To the west the route is already opening up all the way from the Chukchi Sea to Cambridge Bay:

NASA Worldview “true-color” image of the Beaufort Sea on July 12th 2017, derived from the MODIS sensor on the Terra satellite
NASA Worldview “true-color” image of the Beaufort Sea on July 12th 2017, derived from the MODIS sensor on the Terra satellite

The problems on the southern route seem likely to arise in the central section this year, where far more old ice is present this year than in 2016:

Canadian Ice Service sea ice stage of development on July 10th 2017
Canadian Ice Service sea ice stage of development on July 10th 2017

The remaining sea ice in Queen Maud Gulf doesn’t look like it will last long, but the ice in Victoria Strait and Larsen Sound is made of much sterner stuff:

NASA Worldview “true-color” image of Victoria Strait and Larsen Sound on July 10th 2017, derived from the MODIS sensor on the Terra satellite
NASA Worldview “true-color” image of Victoria Strait and Larsen Sound on July 10th 2017, derived from the MODIS sensor on the Terra satellite

The cruise liner Crystal Serenity is anticipating navigating those waters once again this year, on August 29th. However much smaller craft are already heading for the Northwest Passage. Celebrate and Alkahest are already sailing north along the west coast of Greenland. Meanwhile Yvan Bourgnon is due to depart Nome, Alaska tomorrow, sailing his catamaran single handed in the opposite direction.

 

[Edit – July 22nd]

According to the United States Coast Guard web site:

The crew of the Coast Guard Cutter Maple, a 225-foot seagoing buoy tender home ported in Sitka, Alaska, departed [July 12th] on a historic voyage through the Northwest Passage.

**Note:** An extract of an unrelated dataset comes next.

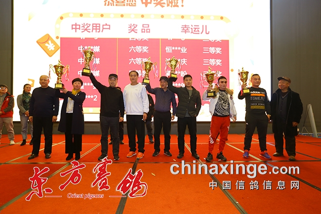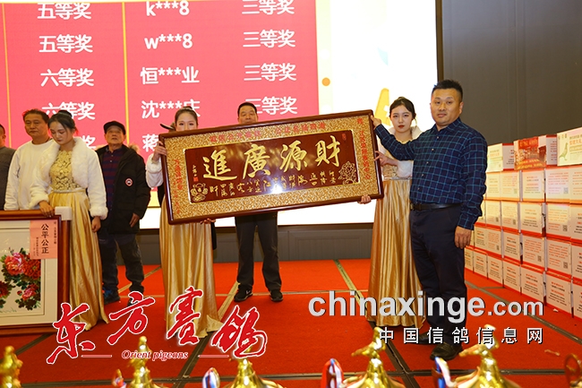 在颁奖现场,爆灯鸽药和西安爱丽丝鸽药向获奖的鸽友赠送了大礼包,中国信鸽信息网向与会嘉宾送出了666元的大红包,新农之光鸽药也向现场的鸽友赠送了礼品。

This summer marks the 60th anniversary of the three Coast Guard cutters and one Canadian ship that convoyed through the Northwest Passage. The crews of the U.S. Coast Guard Cutters Storis, SPAR and Bramble, along with the crew of the Canadian ice breaker HMCS Labrador, charted, recorded water depths and installed aids to navigation for future shipping lanes from May to September of 1957. All four crews became the first deep-draft ships to sail through the Northwest Passage, which are several passageways through the complex archipelago of the Canadian Arctic.

The crew of the cutter Maple will make a brief logistics stop in Nome, Alaska, to embark an ice navigator on its way to support marine science and scientific research near the Arctic Circle. The cutter will serve as a ship of opportunity to conduct scientific research in support of the Scripps Institution of Oceanography.

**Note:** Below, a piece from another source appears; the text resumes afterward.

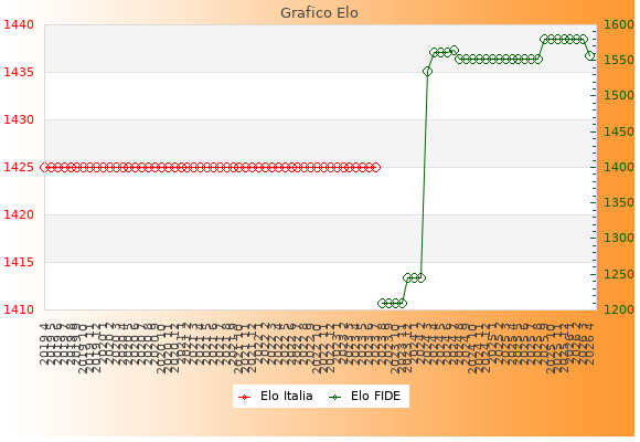 Elo FIDE: 1556    Migliore: 1580  (Marzo 2026)    Peggiore: 1209  (Agosto 2023)

The Maple crew will deploy three sonographic buoys that are used to record acoustic sounds of marine mammals. A principal investigator with the University of San Diego embarked aboard the cutter will analyze the data retrieved from the buoys.

The Canadian Coast Guard Ship Sir Wilfrid Laurier will rendezvous with the Maple later this month to provide icebreaking services as the Maple makes it way toward Victoria Strait, Canada. The Maple has a reinforced hull that provides it with limited ice breaking capabilities similar to Coast Guard 225-foot cutters operating on the Great Lakes.

There doesn’t seem to be any up to date tracking information for the Maple, but CCGS Sir Wilfrid Laurier has recently arrived off Utqiaġvik (Barrow as was):

WilfridLaurier-20170722

 

[Edit – August 18th]

Another article by Chris Mooney in the Washington Post includes this image of the eastern entrance to Bellot Strait on August 11th:

According to Chris:

After we’d passed through safely, Claude Lafrance, the ship’s commanding officer, took some time to explain how the strait worked with the help of a navigational chart. In the process, he lent credence to some of the observations made by Larsen over 70 years ago, while also explaining how modern knowledge has made navigating it safe with a proper tidal understanding.

The essence is that depending on when you are in Bellot Strait, the waters can be flowing either westward or eastward at and around high or low tide, respectively. So timing your crossing makes a great deal of difference.

The danger is that if you’re coming from the west (as we were) with the current to your back, you can be moving too fast, and have difficulty steering your vessel as you approach rocks at the end of the strait.

“We always want to go through where it’s more difficult, with the current against you, because it’s a lot easier to control the movement of your ship,” Lafrance said.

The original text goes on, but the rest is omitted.